SUPPLIED INFORMATION:
━━━

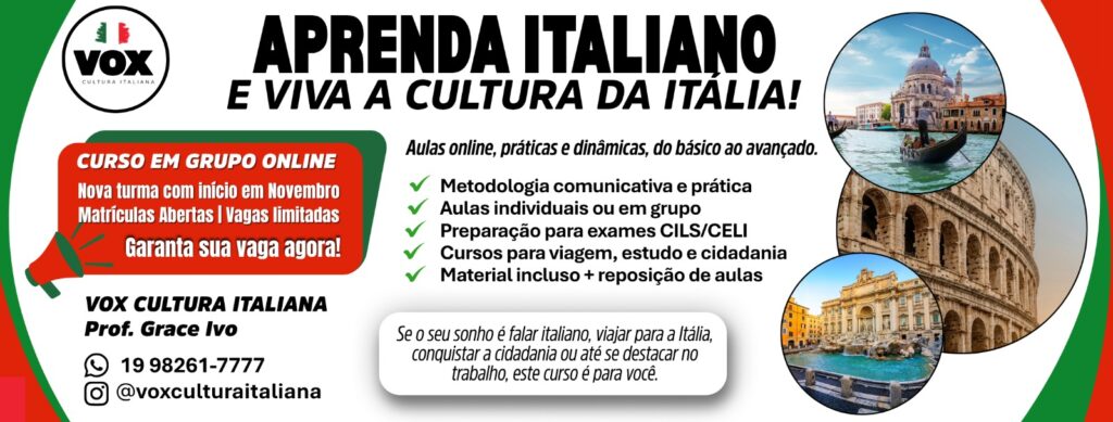 Falar italiano é muito mais do que aprender um idioma — é viver a arte, a história e o charme de um país que inspira o mundo. E é exatamente isso que a Vox Cultura Italiana, idealizada pela professora Grace, propõe: uma verdadeira imersão cultural, onde cada aula se transforma em uma experiência única e apaixonante.
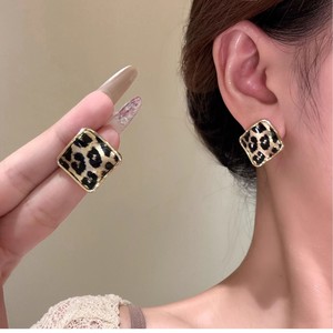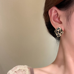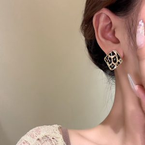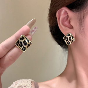 真金电镀银针豹纹菱形耳钉简约时尚气质百搭耳环轻奢高级感耳饰女
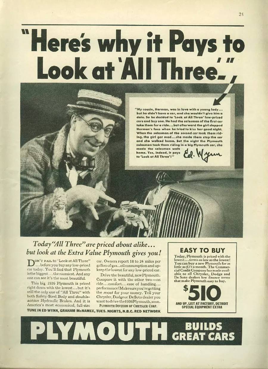 克莱斯勒惊喜之余,更大力来推广这个廉价车品牌,像由著名广告人格切尔为普利茅斯所做的“货比三家”(Look at all three)广告,被视为广告史上的经典之作。

━━━

WHAT IS REQUIRED: Retype the listing exactly. Skip every picture.

SOLUTION FOR THIS EXERCISE:
 Falar italiano é muito mais do que aprender um idioma — é viver a arte, a história e o charme de um país que inspira o mundo. E é exatamente isso que a Vox Cultura Italiana, idealizada pela professora Grace, propõe: uma verdadeira imersão cultural, onde cada aula se transforma em uma experiência única e apaixonante.
 真金电镀银针豹纹菱形耳钉简约时尚气质百搭耳环轻奢高级感耳饰女
 克莱斯勒惊喜之余,更大力来推广这个廉价车品牌,像由著名广告人格切尔为普利茅斯所做的“货比三家”(Look at all three)广告,被视为广告史上的经典之作。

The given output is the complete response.